A case of non-independent observations can be thought as a data with population structure, where each individual reside in a group of size 1. That's it, for each observation there is an unique vector that causes some "group-specific" shift to the observation.

In general case, there is no way we can extract those random effect vectors from the data. However, if we have information on the angle between those vectors, or cosines, it might be possible to control for them. Elements of *K* matrix are essentialy something that is proportianl those cosines. How *K* is obtained is up to a researcher, however.

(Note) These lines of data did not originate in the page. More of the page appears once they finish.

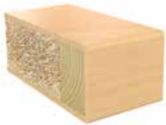
Plastkantlist bjørk Laminat F7921 MAT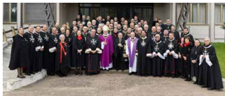
Foto di gruppo al termine degli Esercizi.

* Gran Croce di Onore e Devozione in Obbedienza Delegato per le comunicazioni del Gran Priorato di Roma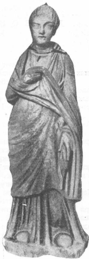
Fig. 3. — Constanța. Statuia unei tinere.

Apoi, complexul arheologic dezvăluit de curînd pe locul Șantierului nr. 8 de construcții, pare să ridice una dintre problemele foarte interesante asupra perioadei tîrzii de existență a Tomisului: aceea a distrugerii suferite de pe urma migrațiilor.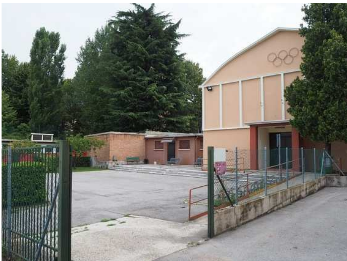
2) Veduta della palestra Petron, con gli adiacenti spogliati, realizzata negli anni '50, da sud ovest, dal parcheggio dell'impianto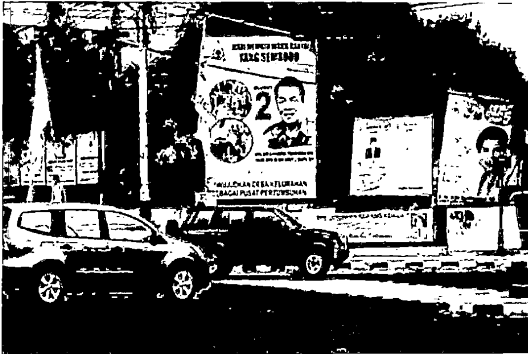
Gambar 1.2 : Foto calon legislatif dari Partai Golkar. (Foto oleh Rahman, diambil di Jl. Jend. Sudirman, Yogyakarta).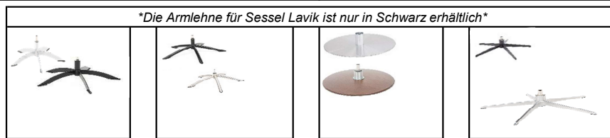
Fuß: Fuß A Fuß B Fuß C Fuß D Space Base Chrom Space Base Schwarz Tube Base gebürstet Tube Base Black Disk Base Holz Disk Base Metall Elegant Base alu gebürstet Elegant Base Black

Bei Bestellung von Fuß B ist der Stuhl 2 bis 2,5 cm höher.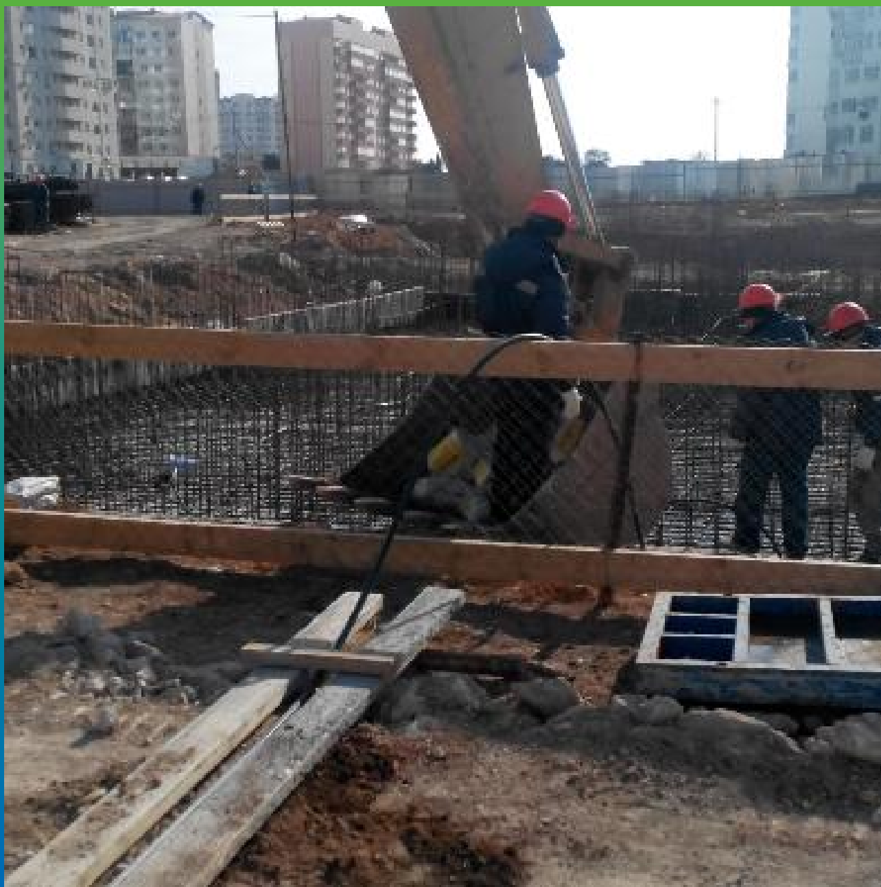
Распределение материала Стармекс Сил по бетонной подготовке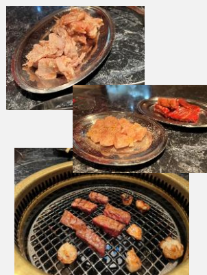
バリッと焼いた鶏皮、カルビもコストバ抜群。軽くつまむには、正直もったいないクオリティです。

そして鍋と言えばメですよね。唐唐鍋では、うどん、中華そば、雑炊、チーズリゾットから選べるのですが、私はこの辛い系鍋では断然チーズリゾット派。この日も選んでしまいました。贅沢にもウインナーも追加投入。辛さとチーズのまろやかさが絡み合い、最高の一皿となりました。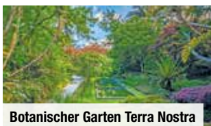
Botanischer Garten Terra Nostra

Zug zum Flug: Hin- & Rückfahrt von und zu allen deutschen Bahnhöfen, 2. Klasse € 79 p.P.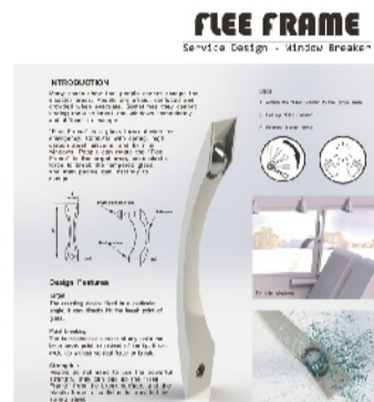
▲銅牌作品「彈性擊破裝置」參展海報。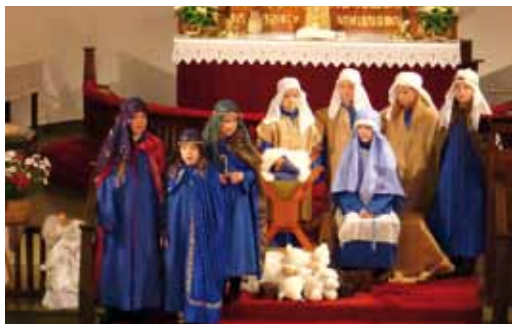
Julaften i Borgestad kirke. Jentekoret tok oss med til Jesu fødsel i Betlehem med sitt flotte julespill.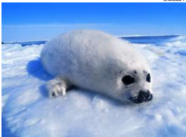
Blanchon banquise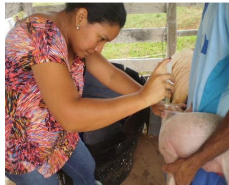
Figura 35 - Vermifugação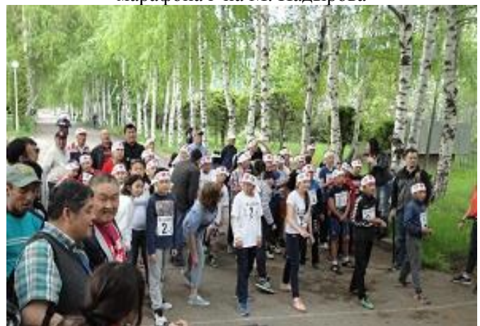
Участники марафона (5 команды)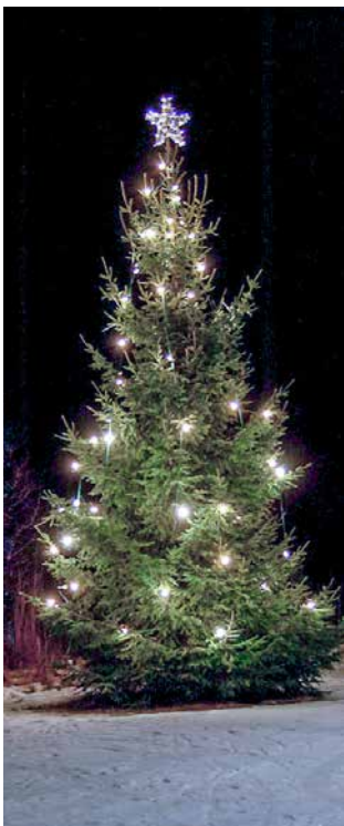
Kuusi Juupajoen torilla.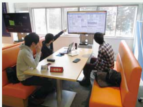
モニターを使った打合せ グループ学習に最適

本センターでは、目まぐるしく変化する時代に対応する人材を育成するために、従来の学びから、一歩先に進んだ新しい学びを支援していると言えます。本学での「学び」をより充実したものにしていくために、日々努めています。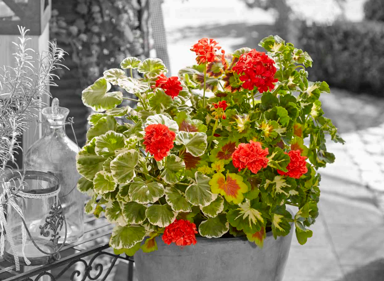
SPECIALS HAPPYTHOUGHT RED, MADAME SALLERON, MRS. POLLOCK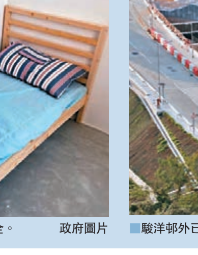
駿洋邨外已加設水馬。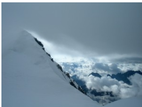
Cresta che sale al Grand Combin de Grafeneire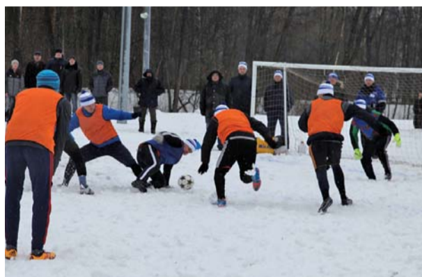
Футбольные баталии на снегу

22 февраля на лыжном стадионе в парке «Дружба» под общим девизом «Единство, сила, бодрость духа – наш вклад в успех родной страны!» прошёл зимний спортивный праздник среди работников ООО «Газпром межрегионгаз Тамбов» и АО «Газпром газораспределение Тамбов». Более пятисот участников и болельщиков из всех районов области приняли участие в празднике спорта.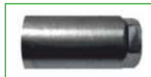
CRN 941 205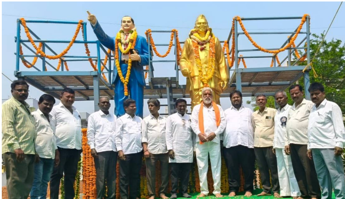
సూరారం కాలనీలోని డాక్టర్ బిఆర్ అంబేద్కర్, డాక్టర్ బాబు జగ్జీవన్ రామ్ లకు నివాళులు..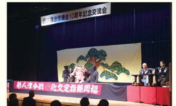
▲今津人形芝居は、様々な催しでも披露されています。

【日時】2015年10月18日(日) 10:00～16:00 【会場】さいとびあ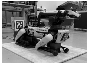
Figure 2 – Spot robot with AprilTag and reflective markers [11]

The computer vision system from Boston Dynamics, implemented in the Spot mobile robot, provides orientation in warehouses with an accuracy of 3 cm. The system uses a combination of stereo cameras and deep learning algorithms to recognize landmarks and build a real-time map of the environment (Figure 2).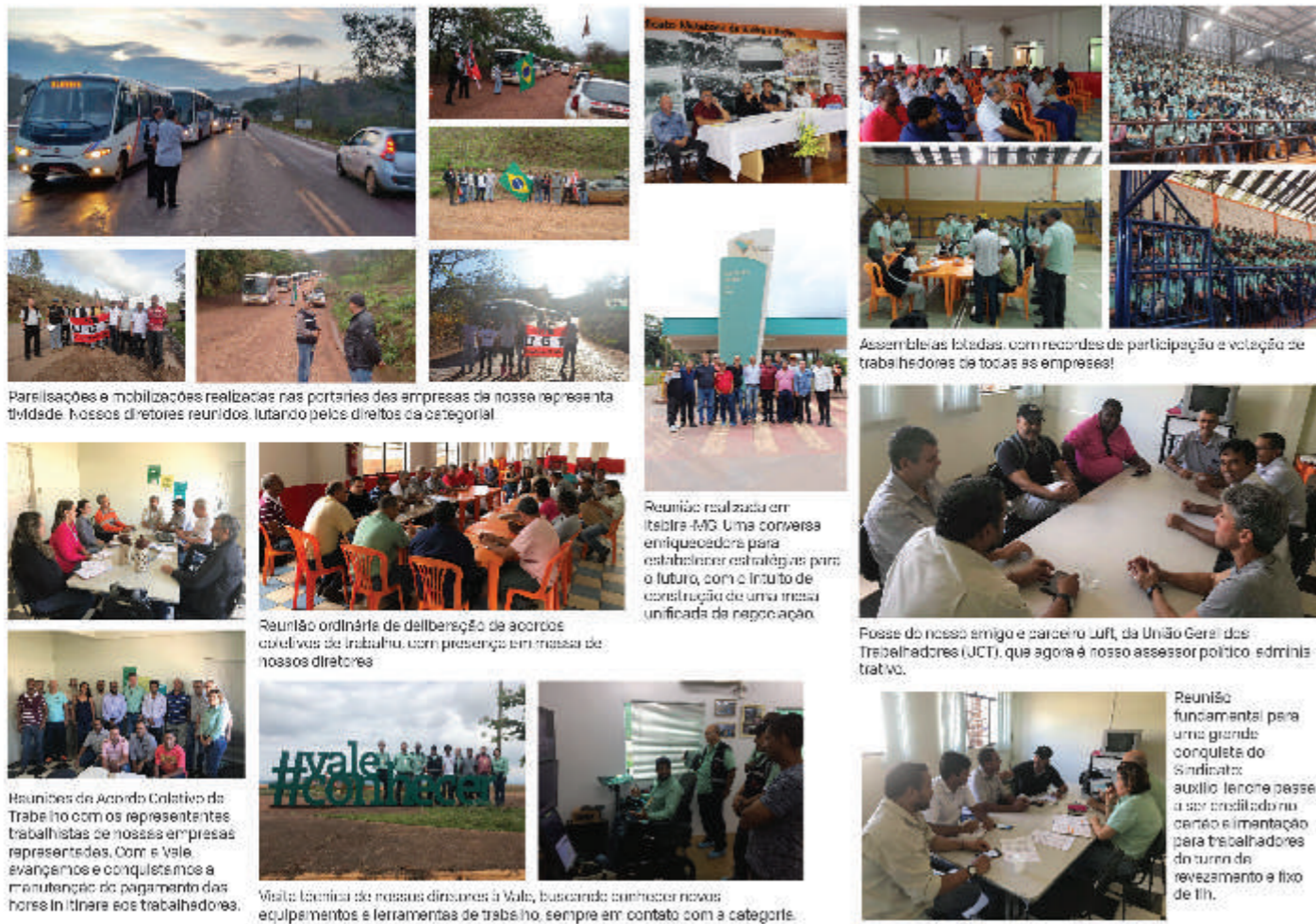
Paralisações e mobilizações realizadas nas portarias das empresas de nossa representatividade. Nossos diretores reunidos, lutando pelos direitos da categoria!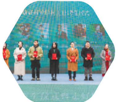
走马塘村“轮值村主任”聘任现场

截至目前，宁波市“轮值村主任”帮助引进项目超90个、带动投资金额3.1亿元，开展服务村民活动1500余次，帮助销售农产品5800余万元，慰问捐赠价值超过340万元，有力助推乡村共同富裕事业发展。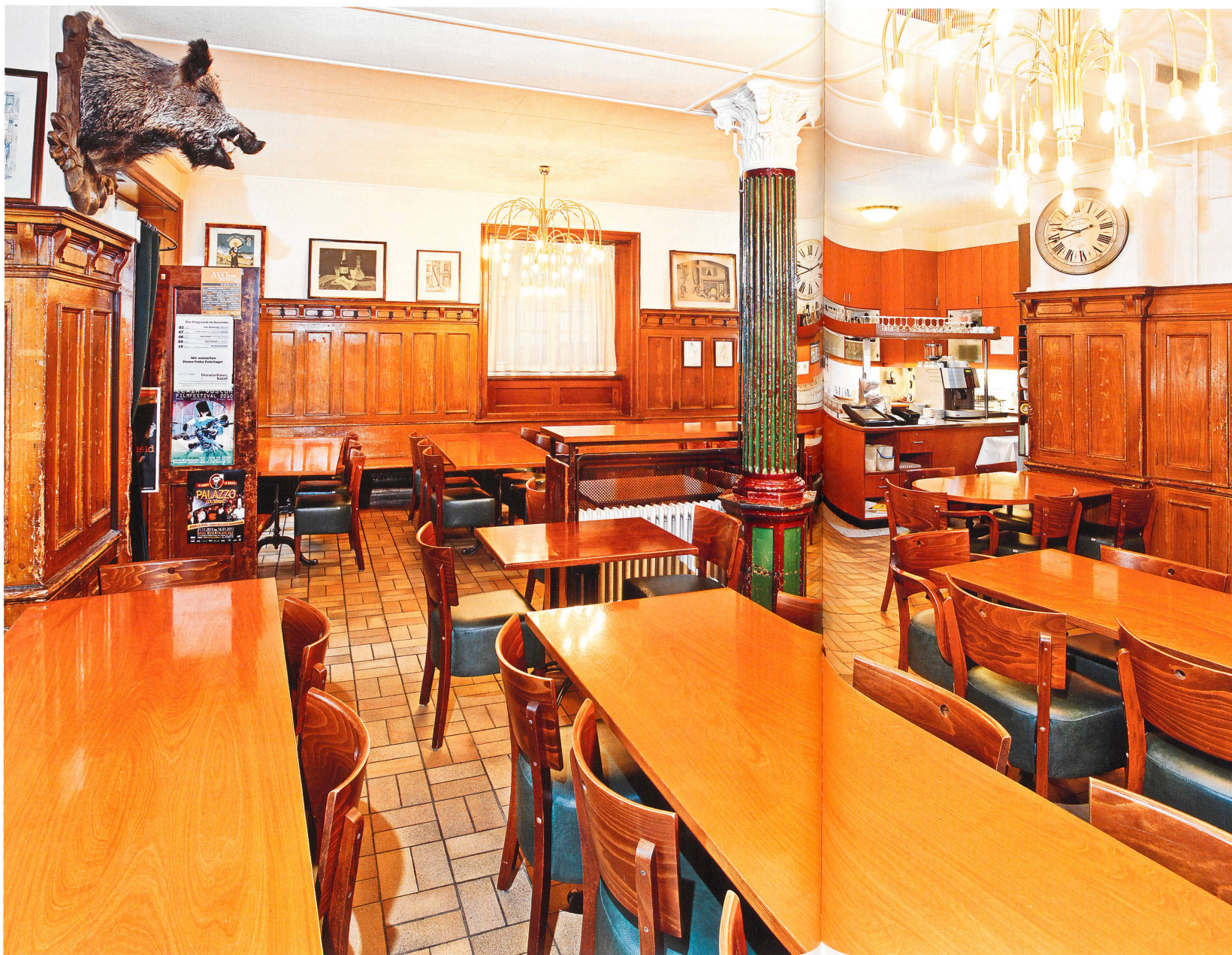
Fotoessay à table: Restaurant Hasenburg, Basel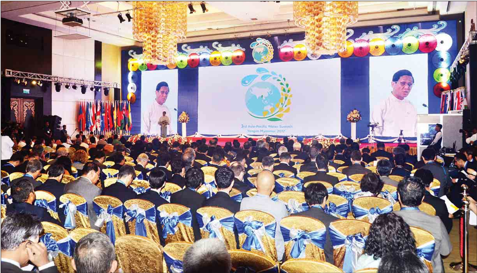
တတိယအကြိမ် အာရှ-ပစိဖိတ်ရေညီလာခံတွင် အမျိုးသားအဆင့် ရေအရင်းအမြစ်ကော်မတီဥက္ကဋ္ဌ ဒုတိယသမ္မတ ဦးဟင်နရီဗန်ထီးယူ တက်ရောက်အမှာစကားပြောကြားစဉ်။

ရန်ကုန် ဒီဇင်ဘာ ၁၁ မြန်မာနိုင်ငံက အိမ်ရှင်အဖြစ် လက်ခံကျင်းပသည့် တတိယအကြိမ် အာရှ-ပစိဖိတ်ရေညီလာခံ (The 3 rd Asia-Pacific Water Summit-3 rd APWS) ကို ယနေ့နံနက် ၁၁ နာရီက ရန်ကုန်မြို့ ဆီဒိုးနားဟိုတယ်၌ ကျင်းပသည်။ ရှေးဦးစွာ အမျိုးသားအဆင့် ရေအရင်းအမြစ် ကော်မတီဥက္ကဋ္ဌ၊ ဒုတိယသမ္မတ ဦးဟင်နရီဗန်ထီးယူ က အမှာစကားပြောကြားရာတွင် ရေသည် အသက်ရှင်သန်မှုနှင့် ဂုဏ်သိက္ခာအပြင် အစားအစာ ထုတ်လုပ်ရေး၊ ရေကြောင်းဆက်သွယ်ရေး၊ ရေအားလျှပ်စစ်ထုတ်လုပ်ရေး၊ စက်ရုံသုံး အိမ်သုံးများအတွက် လည်းကောင်း၊ ငါးဖမ်းလုပ်ငန်းများ အတွက်လည်းကောင်း၊ ခရီးသွား လုပ်ငန်းများ အစရှိသည့် စီးပွားရေး လုပ်ငန်းအမျိုးမျိုးအတွက် အသွင် အမျိုးမျိုးဖြင့် ဝင်ငွေရနိုင်စေသည့် အရင်းအမြစ်တစ်ခု ဖြစ်ကြောင်း၊ မိမိတို့၏ အသက်ရှင်ဖြစ်တည်မှု၊ ယဉ်ကျေးမှုနှင့် သဘာဝပတ်ဝန်းကျင် ၏ အခြေခံကျသော အစိတ် အပိုင်းတစ်ခုလည်း ဖြစ်ပါကြောင်း၊ စာမျက်နှာ ၉ ကော်လံ ၁ သို့ *

In case of genomic studies, it is usually computed from genetic markers. In timeseries analysis, it can be a model matrix that assumes certain time-based dependence model.

semopy has a built-in example with data already "polluted" with random effects:

eta1 =~ y1 + y2 eta2 =~ y3 + y4 x2 ~ eta1 eta2 ~ eta1 x1 ~ eta1

Let's evaluate it in semopy:

from semopy.examples import example_rf desc = example_rf.get_model() data, k = example_rf.get_data() model = ModelEffects(desc) model.fit(data, group='group', k=k) print(model.inspect())

Output:

lval op rval Estimate Std. Err z-value p-value eta2 ~ eta1 2.928235e+00 0.242339 12.0832 0 y1 ~ eta1 1.000000e+00 - - - y2 ~ eta1 3.057422e+00 0.250973 12.1823 0 y3 ~ eta2 1.000000e+00 - - - y4 ~ eta2 -1.266143e+00 0.0469064 -26.993 0 x2 ~ eta1 2.119686e+00 0.183198 11.5705 0 x1 ~ eta1 -2.356136e+00 0.203165 -11.5972 0 x2 ~ 1 2.935724e-01 82.0531 0.00357783 0.997145 x1 ~ 1 -4.083042e-01 90.6129 -0.00450603 0.996405 y1 ~ 1 2.444895e-01 42.7387 0.00572057 0.995436 y2 ~ 1 5.349159e-01 116.216 0.00460276 0.996328 y3 ~ 1 4.257485e-01 111.588 0.00381535 0.996956 y4 ~ 1 -8.945790e-01 140.626 -0.00636141 0.994924 eta2 ~~ eta2 4.083493e-15 91.2585 4.47464e-17 1 eta1 ~~ eta1 1.423499e+03 820.457 1.73501 0.0827394 x2 ~~ x2 4.023687e+02 265.36 1.51632 0.12944 y4 ~~ y4 3.156232e-15 357.139 8.83753e-18 1 y3 ~~ y3 3.610053e+02 278.276 1.29729 0.194531 x1 ~~ x1 1.818671e+02 271.259 0.670455 0.502568 y1 ~~ y1 4.254358e+02 250.9 1.69564 0.0899541 y2 ~~ y2 3.225779e+02 263.39 1.22472 0.220682 x1 RF x1 8.680546e-01 0.108888 7.97201 1.55431e-15 x2 RF x2 1.421993e-01 0.0161379 8.81154 0 y1 RF y1 4.443532e-08 0.00552006 8.04979e-06 0.999994 y2 RF y2 3.458323e-01 0.0404847 8.5423 0 y3 RF y3 3.111291e-01 0.0362367 8.58603 0 y4 RF y4 1.814732e+00 0.250854 7.23422 4.68292e-13 1 RF(v) 1 9.631969e+00 0.685242 14.0563 0

Those estimates are in agreement with a correct parameter estimates (see example_rf docstring).